FIG. 1 is a flowchart of a text detection method for a Vietnam scene according to an embodiment.

Fig. 2 is a schematic diagram of an algorithm structure of the text detection method for the vietnam scene according to the embodiment.

Fig. 3 is a diagram of a configuration of a receptor field residual block RFRB according to an embodiment.

Fig. 4 is a diagram of a multi-path fused feature pyramid network MF-FPN structure according to an embodiment.

FIG. 5 is a block diagram of a modified stage1 provided by the embodiment.

FIG. 6 is a diagram of the structure of the Re-Score mechanism provided in the examples.

FIG. 7 is a diagram of a classification branch structure according to an embodiment.

Fig. 8 is a mask branch structure diagram according to an embodiment.

FIG. 9 is an exemplary graph of text detection experimental data for a Vietnam scenario according to an embodiment;

wherein, (a) is a Vietnam scene character image sample with a bounding box label; (b) is a binary text segmentation map corresponding to the image sample (a); (c) is a text edge contour map corresponding to the image sample (a).

Fig. 10 is a text picture example of a vietnam scene required by an embodiment at the time of experiment.

FIG. 11 is a comparative example of feature maps generated by the multi-way fused feature pyramid network MF-FPN and other methods provided by the embodiments.

FIG. 12 is a graph of F-measure comparison at different IoU thresholds after EAM combined with edge attention provided by an embodiment.

FIG. 13 is a comparison graph of an example of detection results of a Vietnam scene text detection method and a others method based on edge attention guidance according to an embodiment;

wherein, (a) original images of vietnam scene characters; (b) the method is characterized in that a baseline algorithm is adopted to detect an original image; (c) the method is characterized in that an improved Mask R-CNN is adopted to detect an original image; (d) the invention is an effect diagram for detecting the original image by adopting the detection method.

Detailed Description

Reference will now be made in detail to the embodiments of the present invention, examples of which are illustrated in the accompanying drawings, and the embodiments described by way of reference to the drawings are exemplary and intended to be illustrative of the invention and should not be construed as limiting the invention.

Examples

Referring to fig. 1 to 13, a method for detecting text in a vietnamese scene based on edge attention guidance includes the following steps, specifically referring to fig. 1 to 2:

s101, inputting a Vietnam scene character picture, and extracting feature information C of a target by using ResNet ₁ ～C ₅ ；

Wherein the ResNet is a feature extraction network commonly used in the art and comprises 5 stages ₂ ～stage ₅ Consists of a certain number of residual blocks, ResNet outputs a group of characteristics at each stage, and 5 characteristics C are obtained in total ₁ ～C ₅ 。

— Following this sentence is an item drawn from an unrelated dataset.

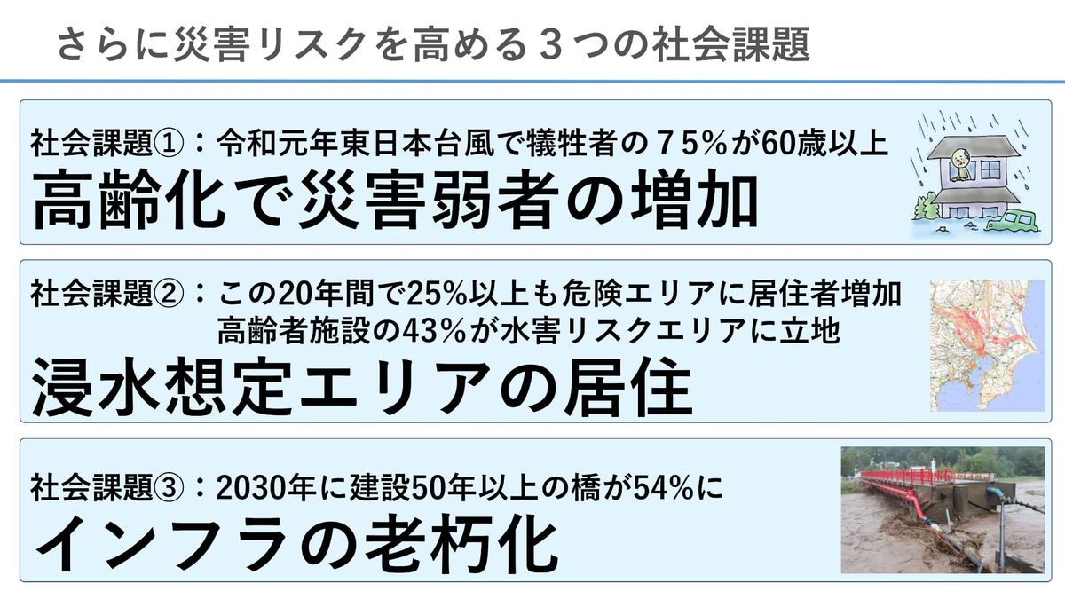 森山:人手不足や人件費高騰というところもあって、なかなかすぐに進まないこともあります。こういった社会課題と、先ほど申し上げた激しさを増す気候変動によって雨・風がより凶暴になってしまうと。

In order to enable the method to effectively adapt to Vietnam scene character targets with different scales, all residual blocks in ResNet are replaced by the receptive field residual block RFRB provided by the embodiment.

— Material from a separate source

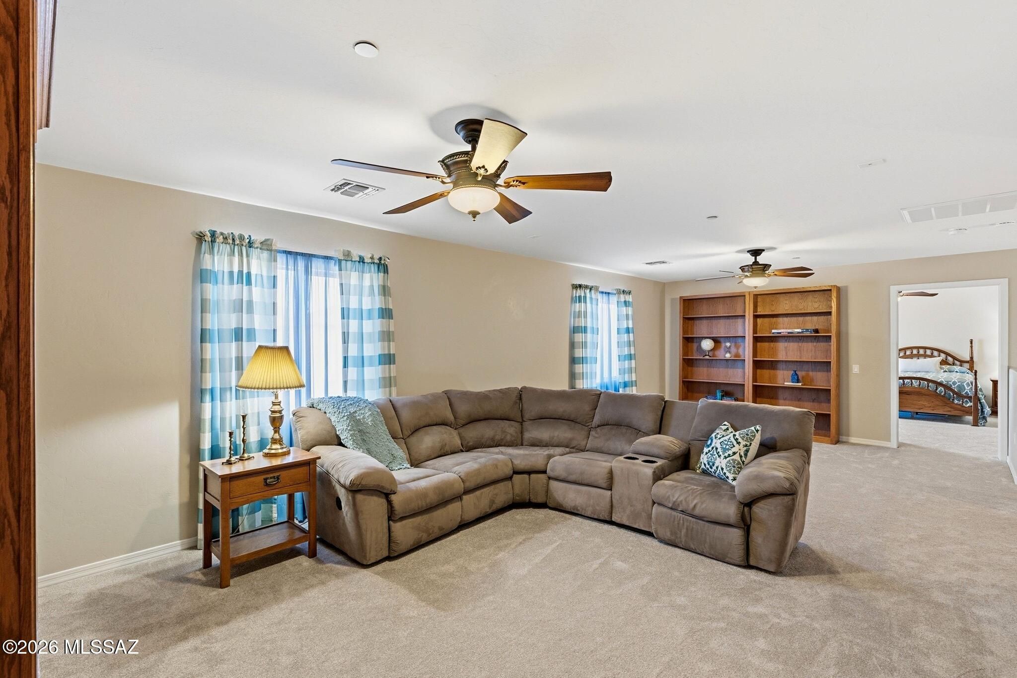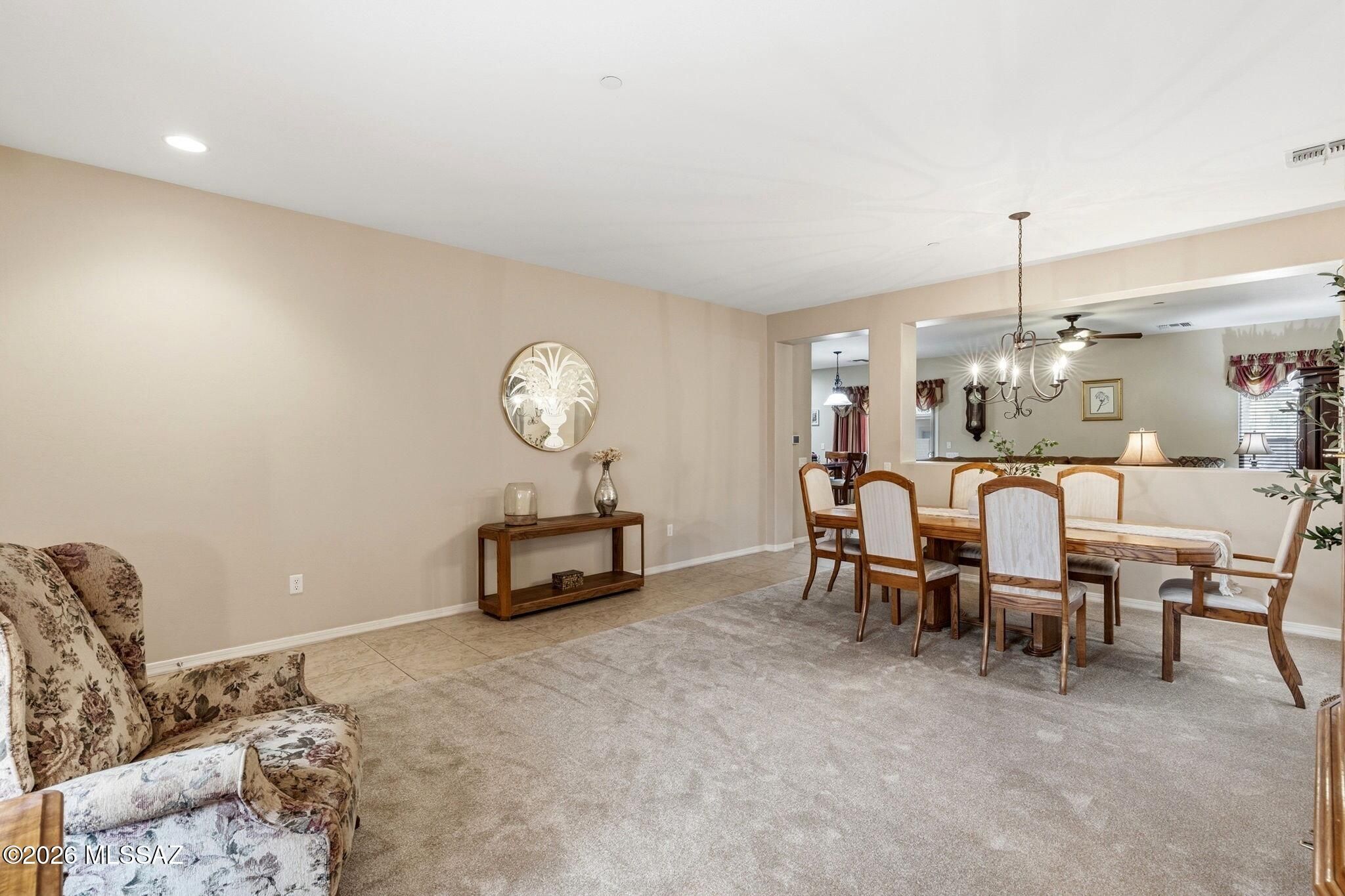 OPEN HOUSE 4/4/26 11am-2pm. Beautiful 3,070 sq ft, 4-bedroom, 3-bath, 3-car garage, 2-story home ideally situated on a spacious lot in the award-winning, master-planned community of Rancho Sahuarita. Designed for family living, flexibility, and entertaining, this home features brand new carpet, generous living spaces, and thoughtful upgrades throughout. The main level offers formal living and dining rooms, plus an open-concept family room that flows into a well-appointed kitchen. The kitchen features a center island, granite counters, SS appliances and breakfast nook. A main-floor bedroom with full bath provides the ideal setup for guests, extended family, or home office. Upstairs, an expansive loft delivers versatile space for a media room, playroom, or work-from-home lifestyle

The specific structure of the RFRB is shown in fig. 3, first, a branch inputs features into 1 × 1 convolution, then inputs expansion convolutions with expansion rates of 1, 2, and 3, respectively, then performs fusion operation concat (splicing) on the outputs of the three in channel dimensions, and then adjusts the number of channels by using 1 × 1 convolution and performs inter-information fusion to obtain output information; the other path is constant mapping short, namely, the input information is directly output or output after the number of channels is adjusted through 1 × 1 convolution; and finally, adding the outputs of the two branches, and obtaining the final output through a ReLU activation function.

S102, fusing 5 pieces of feature information output by ResNet by using a multi-path fusion feature pyramid network MF-FPN to obtain feature information P of different levels ₁ ～P ₆ ；

MF-FPN is improved by FPN, which is a common feature fusion network in the field.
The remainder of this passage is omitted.